Last year I bought and read "Surfing the Edge of Chaos" for a paper I was writing. I am currently reading it again as part of personal research on organisational design for the information age. I strongly recommend it if you are interested in a fresh way of looking at companies and business.
This book made me realise why organigrams, workflows, procedures and working instructions are sometimes so difficult to really implement in a company. I personally believe that the more a company makes use of information processing devices, the more it allows its people to interact in novel ways that often do not fit in traditional organizational molds. I even remember one of my employers in the business of payment cards (a priceless experience...) who used to distribute hard copies of the company's organigram once a month. These documents where no sooner printed than they were out of date and on top of that they did not reflect the real dynamics of decision making (or decision non-making sometimes). On decisions, you can read another piece I published earlier.
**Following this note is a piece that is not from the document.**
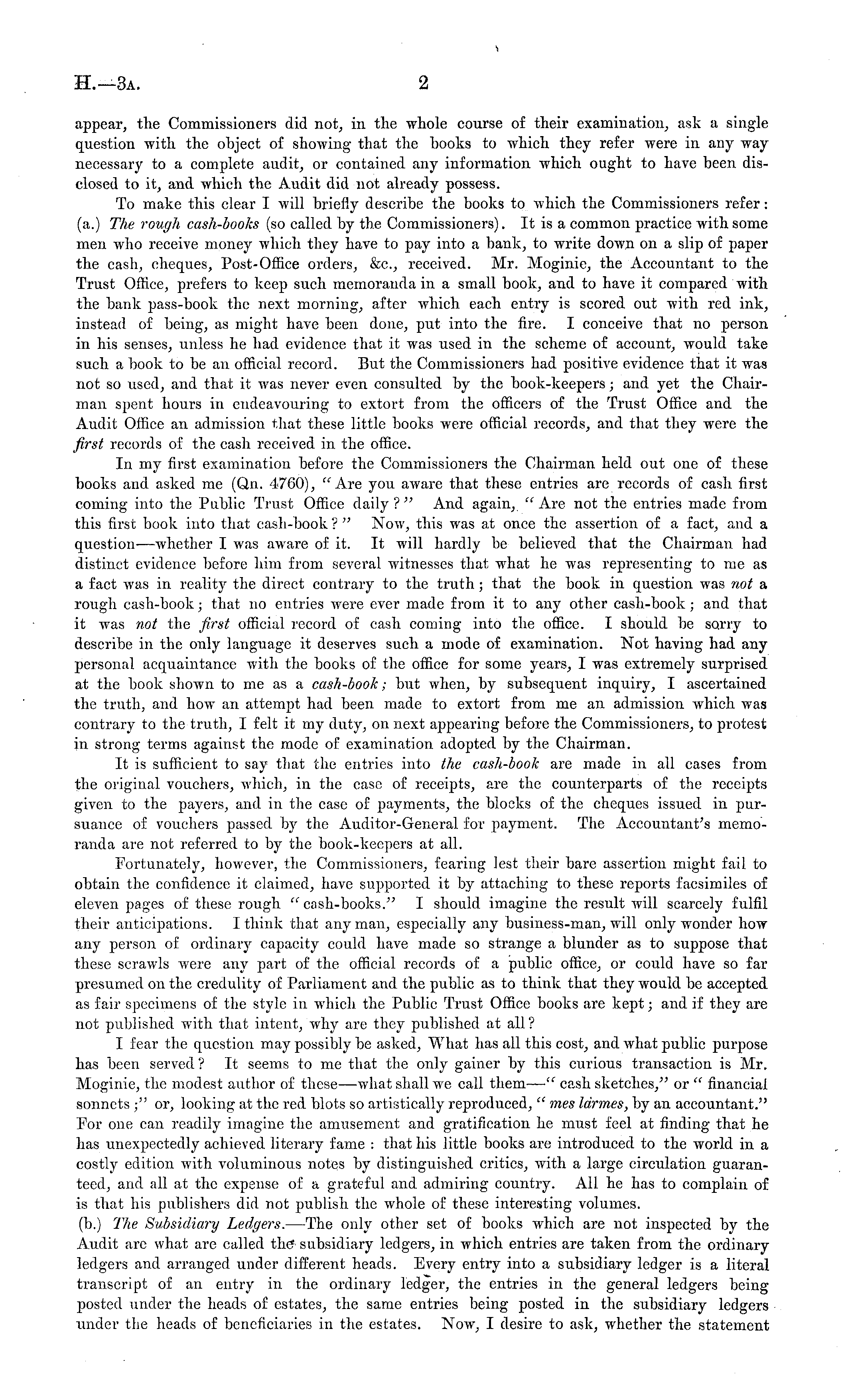 appear, the Commissioners did not, in the whole course of their examination, ask a single question with the object of showing that the books to which they refer were in any way necessary to a complete audit, or contained any information which ought to have been disclosed to it, and which the Audit did not already possess. To make this clear I will briefly describe the books to which the Commissioners refer: (a.) The rough cash-books (so called by the Commissioners). It is a common practice with some men who receive money which they have to pay into a bank, to write down on a slip of paper the cash, cheques, Post-Office orders, &c, received. Mr. Moginie, the Accountant to the Trust Office, prefers to keep such memoranda in a small book, and to have it compared with the bank pass-book the next morning, after which each entry is scored out with red ink, instead of being, as might have been done, put into the fire. I conceive that no person in his senses, unless he had evidence that it was used in the scheme of account, would take such a book to be an official record. But the Commissioners had positive evidence that it was not so used, and that it was never even consulted by the book-keepers; and yet the Chairman spent hours in endeavouring to extort from the officers of the Trust Office and the Audit Office an admission that these little books were official records, and that they were the first records of the cash received in the office. In my first examination before the Commissioners the Chairman held out one of these books and asked me (Qn. 4760), "Are you aware that these entries are records of cash first coming into the Public Trust Office daily ? " And again, " Are not the entries made from this first book into that cash-book ? " Now, this was at once the assertion of a fact, and a question—whether I was aware of it. It will hardly be believed that the Chairman had distinct evidence before him from several witnesses that what he was representing to me as a fact was in reality the direct contrary to the truth; that the book in question was not a rough cash-book; that no entries were ever made from, it to any other cash-book; and that it was not the first official record of cash coming into the office. I should be sorry to describe in the only language it deserves such a mode of examination. Not having had any personal acquaintance with the books of the office for some years, I was extremely surprised at the book shown to me as a cash-book; but when, by subsequent inquiry, I ascertained the truth, and how an attempt had been made to extort from me an admission which was contrary to the truth, I felt it my duty, on next appearing before the Commissioners, to protest in strong terms against the mode of examination adopted by the Chairman. It is sufficient to say that the entries into the cash-book are made in all cases from the original vouchers, which, in the case of receipts, are the counterparts of the receipts given to the payers, and in the case of payments, the blocks of the cheques issued in pursuance of vouchers passed by the Auditor-General for payment. The Accountant's memoranda are not referred to by the book-keepers at all. Fortunately, however, the Commissioners, fearing lest their bare assertion might fail to obtain the confidence it claimed, have supported it by attaching to these reports facsimiles of eleven pages of these rough " cash-books." I should imagine the result will scarcely fulfil their anticipations. I think that any man, especially any business-man, will only wonder how any person of ordinary capacity could have made so strange a blunder as to suppose that these scrawls were any part of the official records of a public office, or could have so far presumed on the credulity of Parliament and the public as to think that they would be accepted as fair specimens of the style in which the Public Trust Office books are kept; and if they are not published with that intent, why are they published at all ? I fear the question may possibly be asked, What has all this cost, and what public purpose has been served ? It seems to me that the only gainer by this curious transaction is Mr. Moginie, the modest author of these—what shall we call them—" cash sketches," or " financial sonnets ;" or, looking at the red blots so artistically reproduced, " mes Idrmes, by an accountant." For one can readily imagine the amusement and gratification he must feel at finding that he has unexpectedly achieved literary fame : that his little books are introduced to the world in a costly edition with voluminous notes by distinguished critics, with a large circulation guaranteed, and all at the expense of a grateful and admiring country. All he has to complain of is that his publishers did not publish the whole of these interesting volumes, (b.) The Subsidiary Ledgers. —The only other set of books which are not inspected by the Audit arc what are called the subsidiary ledgers, in which entries are taken from the ordinary ledgers and arranged under different heads. Every entry into a subsidiary ledger is a literal transcript of an entry in the ordinary ledger, the entries in the general ledgers being posted under the heads of estates, the same entries being posted in the subsidiary ledgers imder the heads of beneficiaries in the estates. Now, I desire to ask, whether the statement

So for a professional manager, I guess one of the questions to be examined is "how do I organize that part of the business for which I am in charge so as to fully leverage dynamic interactions within my teams and with the rest of the company in accomplishing my business objectives?" And this is where it may be useful to think of a company not as a set of boxes or matrix-structures or silos, but perhaps as a set of agents that operate following certain rules and who interact in various ways to assemble as project teams or temporary workgroups and disband once the mission is accomplished.